### Exercise
What is needed is an exact reproduction of the listing, without its pictures.

### Collected data
__________________________________________________
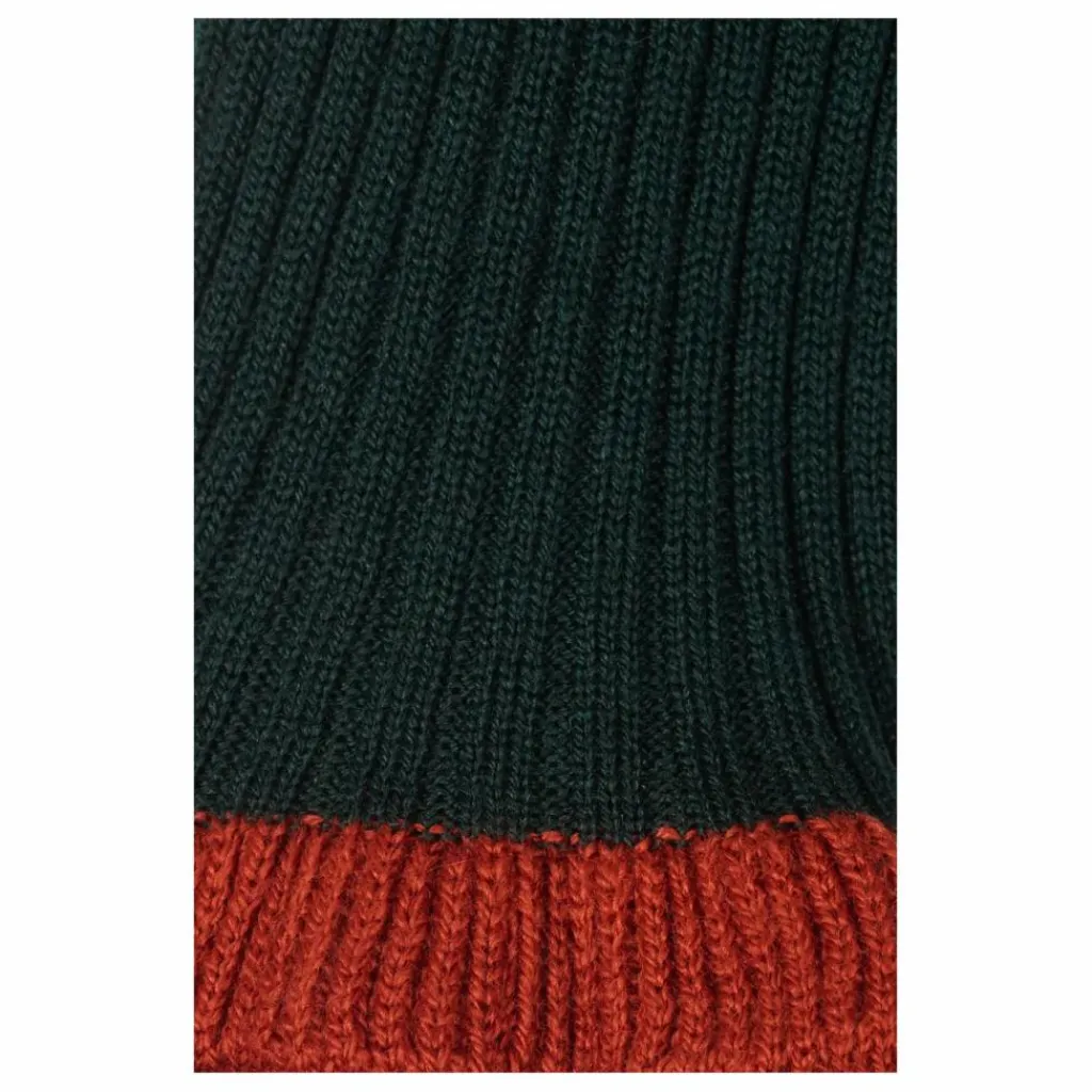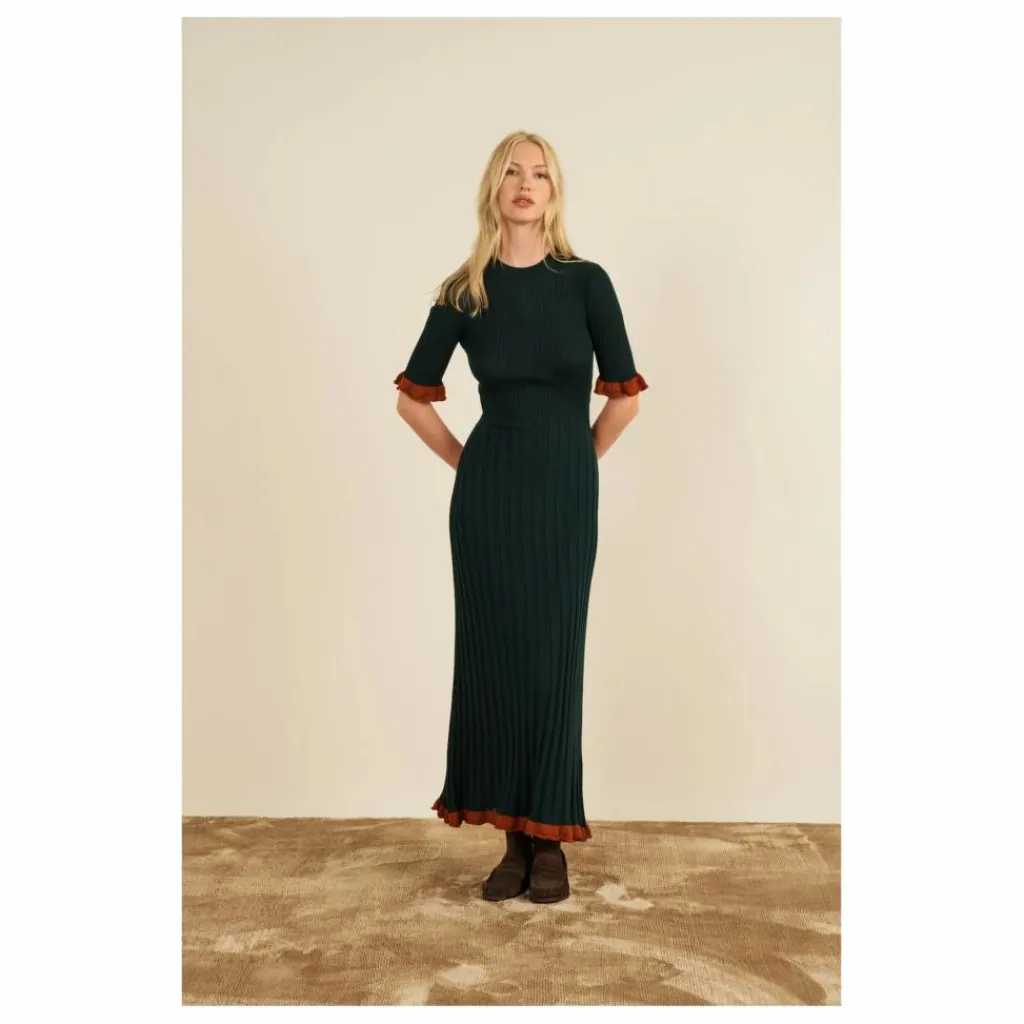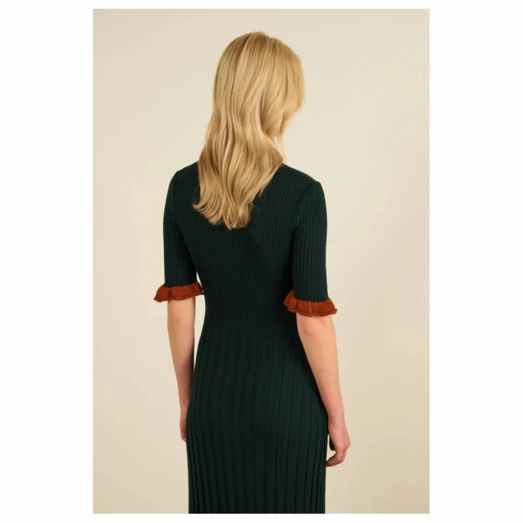 - La robe Magda est une robe longue, tricotée et près du corps avec un col rond – Elle a de petits volants bordeaux sur les manches et le bas de la robe – Réalisée en laine mérinos vert foncé
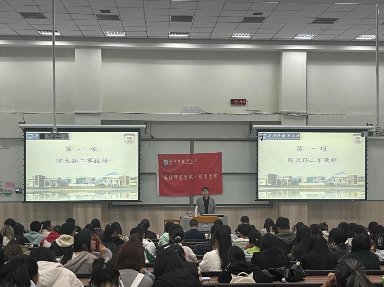 院长孙二军、党委书记姚玮、党委副书记刘一静、副院长冯东、研究生辅导员薛璐、2023级本科生辅导员鹿国鹏,2023级本科生班主任樊莲花、惠瑜、裴丽,研究生“小先生”51人以及2023级全体本科生出席仪式。仪式由2023级研究生辅导员王鑫主持。
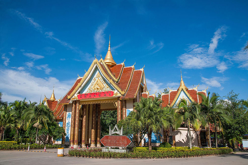 位于距景洪市27公里的勐罕鎮(zhèn),園內(nèi)有五個(gè)傣族自然村寨。這里景色秀麗,民風(fēng)淳樸,充滿著詩情畫意,一年四季青翠嫩綠、竹林環(huán)繞、果木成林、香蕉、椰子、檳榔、菠蘿密、芒果,給寨子灑下了一片片濃濃的綠蔭,幢幢竹樓掩映在青樹綠竹之中,陣陣熱帶花開的幽香隨風(fēng)送來,一片清幽恬靜。古色古香的佛塔,佛寺與旖旎風(fēng)光相互掩映,形成了具有獨(dú)特佛教文化內(nèi)涵的風(fēng)景名勝和園林景觀,給人予一種新奇,美妙和寄托美好愿望的感受,所以素有“綠孔雀羽翎“的雅稱。
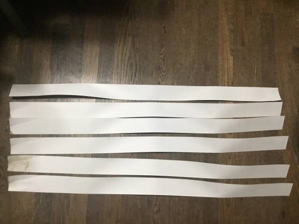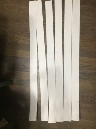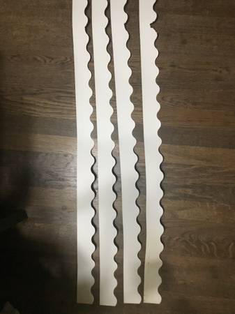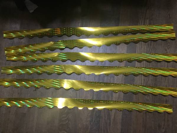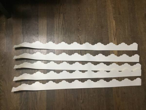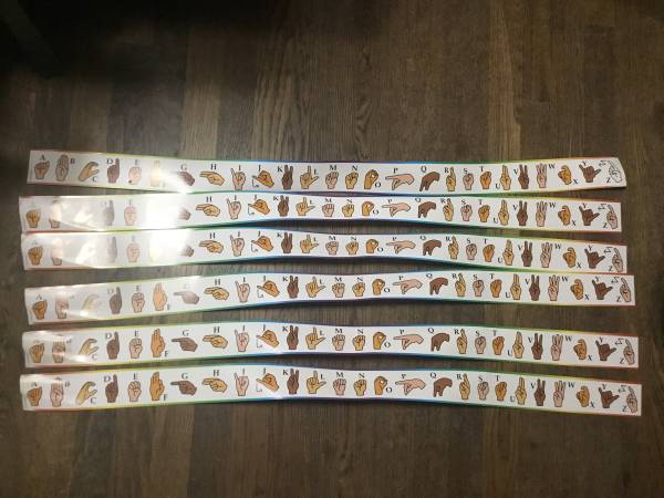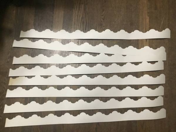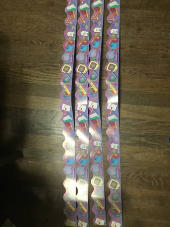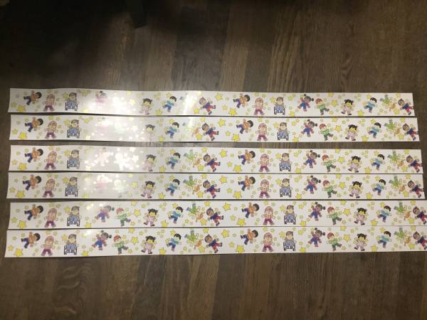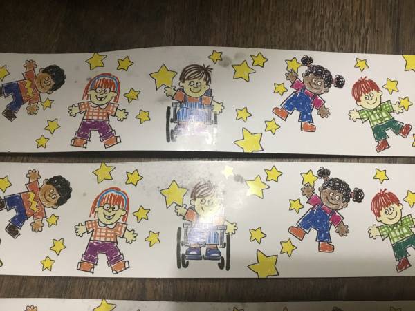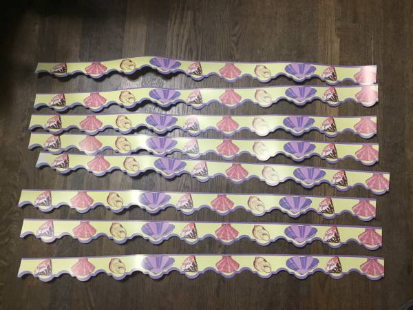 There are six different borders. The gold shimmers with scalloped edges have stains on the back of two of them and are slightly curling. The kids with stars have small stains on the front and larger stains on the back. The school supplies have damage to the scallop edge of all of them and a stain on the back. The apples with pencils have a small stain on the back. The hand sign alphabet has some stains on the front and back. Several of the scalloped edges of the shells have damage. The quantity of each is in the photos.
__________________________________________________
### Solution
 - La robe Magda est une robe longue, tricotée et près du corps avec un col rond – Elle a de petits volants bordeaux sur les manches et le bas de la robe – Réalisée en laine mérinos vert foncé
 院长孙二军、党委书记姚玮、党委副书记刘一静、副院长冯东、研究生辅导员薛璐、2023级本科生辅导员鹿国鹏,2023级本科生班主任樊莲花、惠瑜、裴丽,研究生“小先生”51人以及2023级全体本科生出席仪式。仪式由2023级研究生辅导员王鑫主持。
 位于距景洪市27公里的勐罕鎮(zhèn),園內(nèi)有五個(gè)傣族自然村寨。這里景色秀麗,民風(fēng)淳樸,充滿著詩情畫意,一年四季青翠嫩綠、竹林環(huán)繞、果木成林、香蕉、椰子、檳榔、菠蘿密、芒果,給寨子灑下了一片片濃濃的綠蔭,幢幢竹樓掩映在青樹綠竹之中,陣陣熱帶花開的幽香隨風(fēng)送來,一片清幽恬靜。古色古香的佛塔,佛寺與旖旎風(fēng)光相互掩映,形成了具有獨(dú)特佛教文化內(nèi)涵的風(fēng)景名勝和園林景觀,給人予一種新奇,美妙和寄托美好愿望的感受,所以素有“綠孔雀羽翎“的雅稱。
 There are six different borders. The gold shimmers with scalloped edges have stains on the back of two of them and are slightly curling. The kids with stars have small stains on the front and larger stains on the back. The school supplies have damage to the scallop edge of all of them and a stain on the back. The apples with pencils have a small stain on the back. The hand sign alphabet has some stains on the front and back. Several of the scalloped edges of the shells have damage. The quantity of each is in the photos.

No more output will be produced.